Japan Approves Energy Plan Reinstating Nuclear Power
Japan's Cabinet on Friday approved a new energy policy, reversing the previous government's plans to gradually mothball nuclear power plants following the 2011 Fukushima disaster.
The plan defines nuclear as an "important baseload power source" and also says Japan will do as much as possible to increase renewable energy supplies, Industry Minister Toshimitsu Motegi told a news conference after the Cabinet meeting.
The decision to reinstate nuclear power is likely to be unpopular and Prime Minister Shinzo Abe had to spend months convincing sceptical members of his ruling Liberal Democratic Party as well coalition partner New Komeito, which opposes atomic energy, to accept the final draft of the plan.
The public has turned against nuclear power after watching Tokyo Electric Power Co's struggle to deal with the disaster at its Fukushima Daiichi station following a massive earthquake and tsunami in March 2011.
The crisis was the worst since the Chernobyl disaster in 1986 and all reactors in Japan have been shut for safety checks with no schedule for restarts.
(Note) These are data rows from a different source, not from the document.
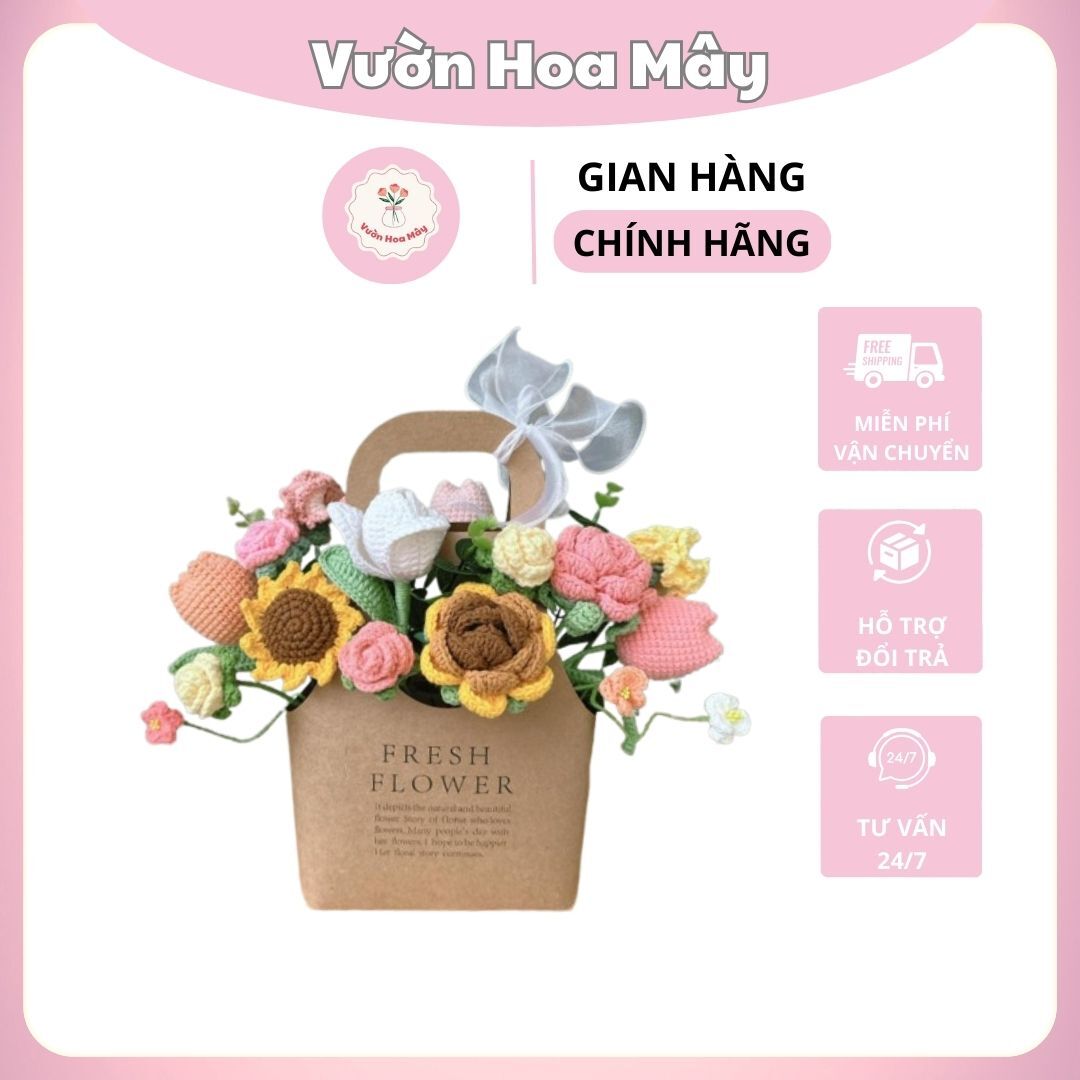 - Những Bông Hoa Len Móc Tay Tinh Xảo: Điểm nhấn của sản phẩm là những bông hoa len đủ màu sắc và kiểu dáng được móc thủ công một cách tỉ mỉ. Từng cánh hoa, chiếc lá đều được chăm chút, tạo nên một tổng thể hài hòa và sống động như một vườn hoa thu nhỏ.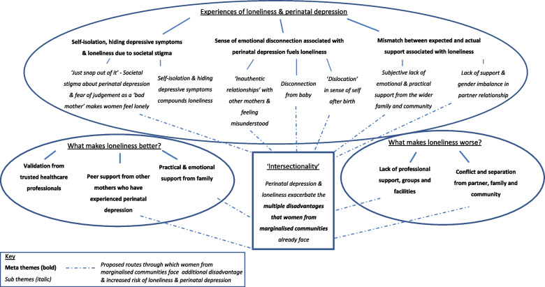 Conclusions: Loneliness appears to play a central role in the experience of perinatal depression based on the frequency with which it emerged in women's accounts. The findings provide a foundation for the development of further theories about the role of loneliness in perinatal depression and evidence in which future psychological and social intervention design processes can be rooted. Addressing stigma and offering culturally appropriate professional and peer support are potential targets for interventions that could help women with perinatal depression, particularly in disadvantaged communities, feel less lonely.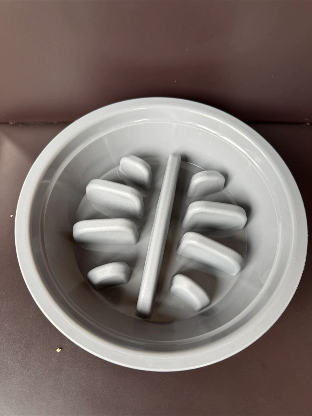132Brand new, never used round gray bowl. Designed for slow feeding , better digestion. Internal maze design with multiple raised obstructions, and a central pillar. You could use this bowl to extend the enjoyment of your pets' meals.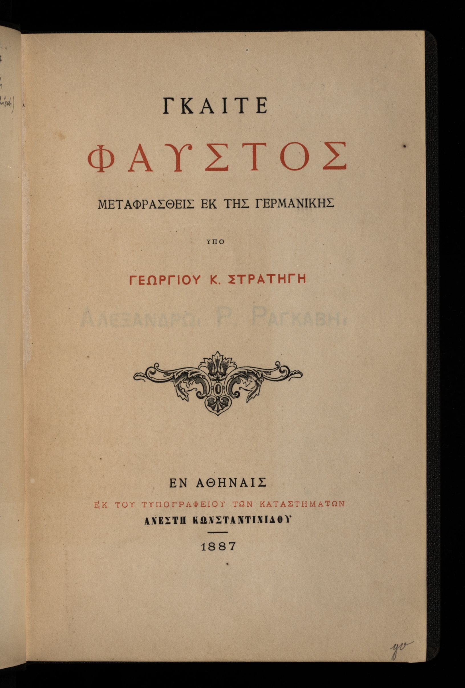 Title: Gkaite Phaustos. Metaphrastheis ek tēs Germanikēs.

Recent polls put opposition to nuclear restarts at about two-to-one over support.
The Democratic Party of Japan decided on an energy policy that set targets for renewable energy and pledged to phase out nuclear power but was swept from power by the LDP at the end of 2012.
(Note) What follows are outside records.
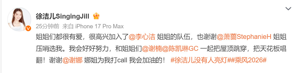 徐洁儿高情商回应“没人亮灯”:是大家还不够了解我,用舞台证明一切!徐洁儿回应没有人亮灯乘风2026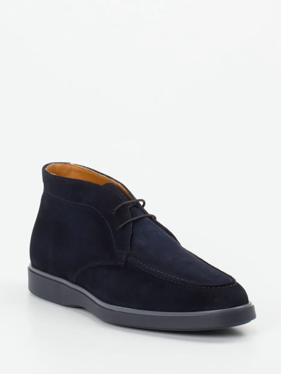 Stilvoll durch kühle Tage.Magnanni präsentiert klassische Herren-Desert Boots in dunkelblauem Veloursleder. Für gepflegte Alltagslooks und stilvolle Büro-Outfits bietet dieser Schnürschuh eine elegante, anklehohe Silhouette mit matter Oberfläche und Ton-in-Ton-Nähten. Die glatte Gummisohle verleiht Halt und einen dezenten sportiven Charakter. Das hellbraune Kalblederfutter sorgt für angenehmen Tragekomfort. Dank des klaren Designs passt das Modell hervorragend zum „Quiet Luxury“-Trend der Saison. Magnanni steht für luxuriöse Qualität mit Understatement – zeitlos und vielseitig kombinierbar.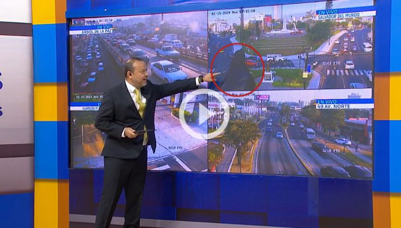 En horas de la mañana de este día, el periodista Eduardo Arévalo de TCS Noticias estaba brindando el reporte vial, cuando de repente se observa cómo un zanate se encuentra en una de las cámaras de videovigilancia que se ubica en las inmediaciones de la Plaza Divino Salvador del Mundo, San Salvador.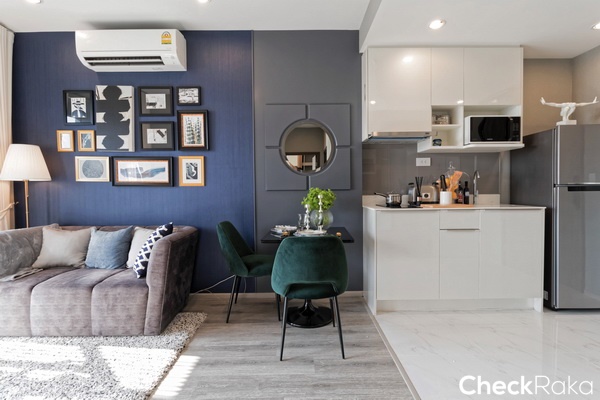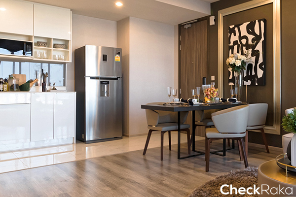 หากวางโต๊ะทานอาหารมาไว้ที่มุมนี้ก็จะช่วยเพิ่มพื้นที่สำหรับเตรียมอาหาร หรือถ้าหากย้ายโต๊ะทานอาหารไปไว้ตรงกระจกเงา ก็จะทำให้ห้องนั่งเล่นเหลือพื้นที่ว่างมากยิ่งขึ้น
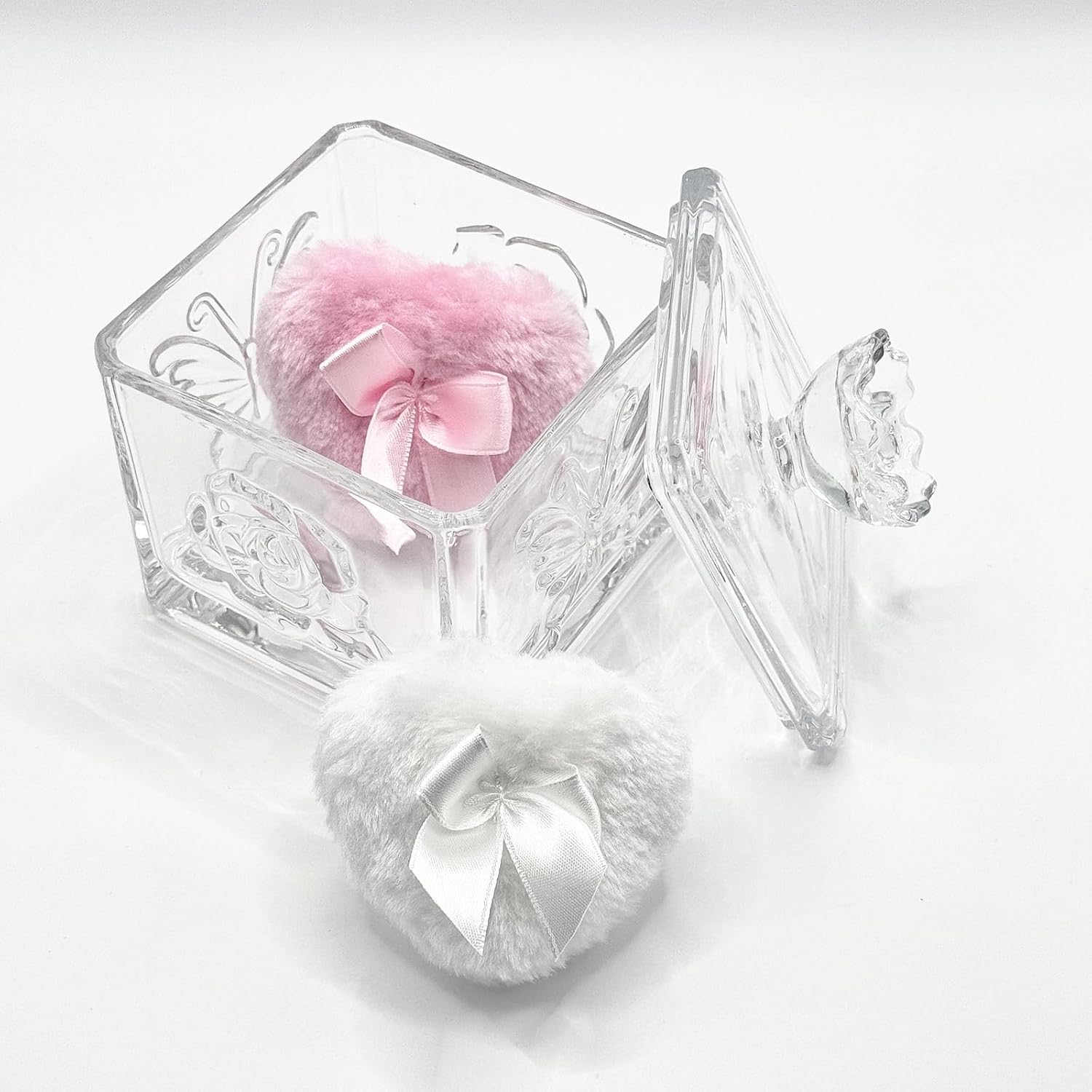 • 【You will get】 1 x Glass Powder Puff Case, reusable one white puff and one pink puff. Transparent glass material, heart-shaped design, both aesthetic and ceremonial, suitable for gift or makeup table decoration. Powder puffs are soft and reusable, wet and dry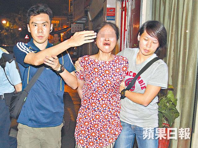 被捕女疑犯42歲姓盧,身穿橙藍鮮色碎花點上衣,挽着紅色手袋,警方正調查她的精神狀況。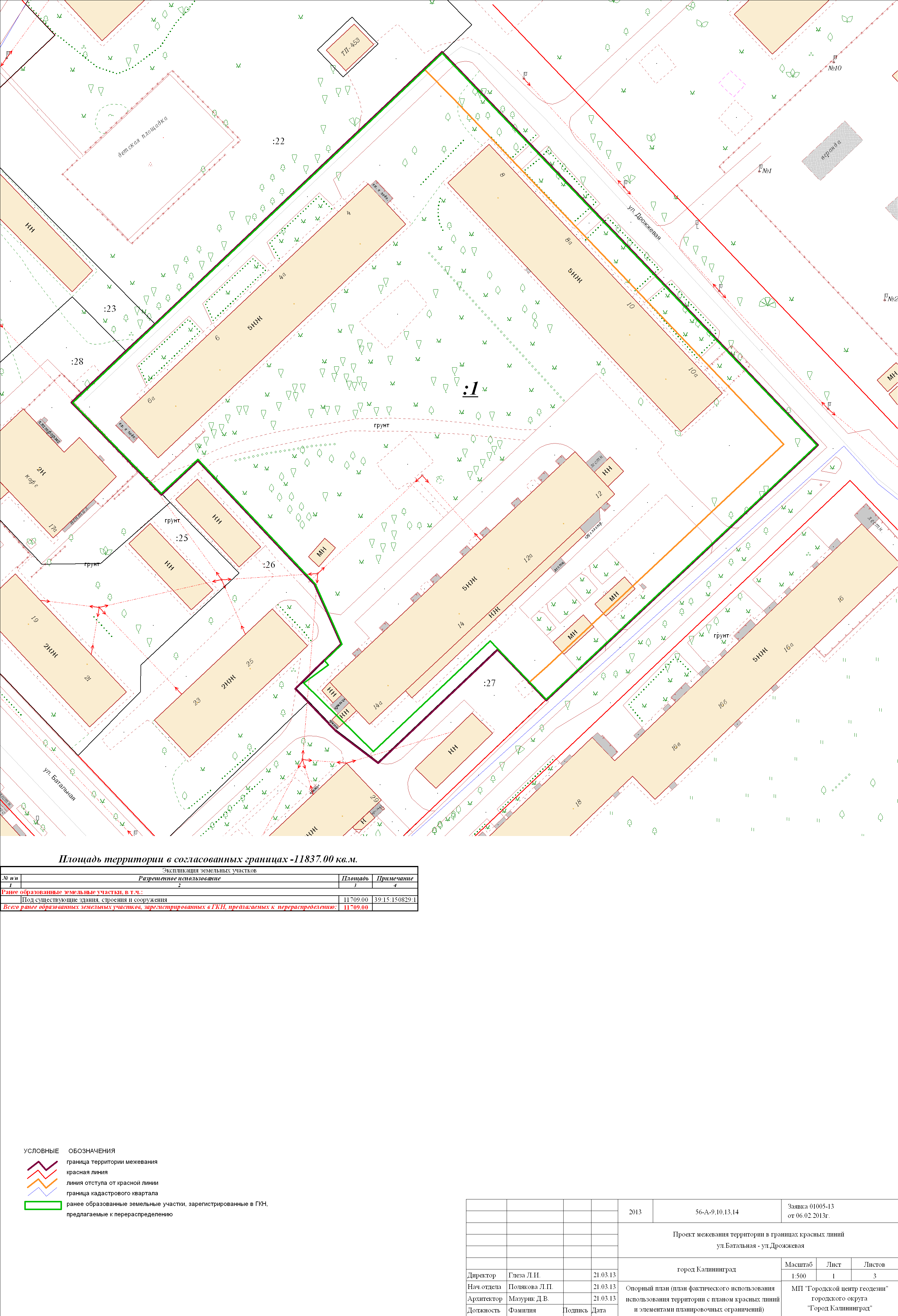 | Материалы проекта: | Постановление № 903 от 27.06.2013 Данные по нормативным и проектным площадям земельных участков Опорный план План красных линий Проект границ |

The plan may also be too little too late for the country's moribund atomic industry, which is floundering under the weight of estimated losses of almost $50 billion, forcing two utilities to ask the government for capital last week.
They've had to pay out almost $90 billion on replacement fossil fuels and reportedly spent an estimated 1.6 trillion yen ($16 billion) on nuclear plant upgrades to meet new safety guidelines.
A recent Reuters analysis shows as many as two-thirds of the country's 48 idled nuclear reactors may have to be mothballed because of the high cost of further upgrades, local opposition or seismic risks.
"I think it is unavoidable that the Japanese utilities will write off most of their nuclear 'assets' and move on," said Mycle Schneider, a Paris-based independent energy consultant.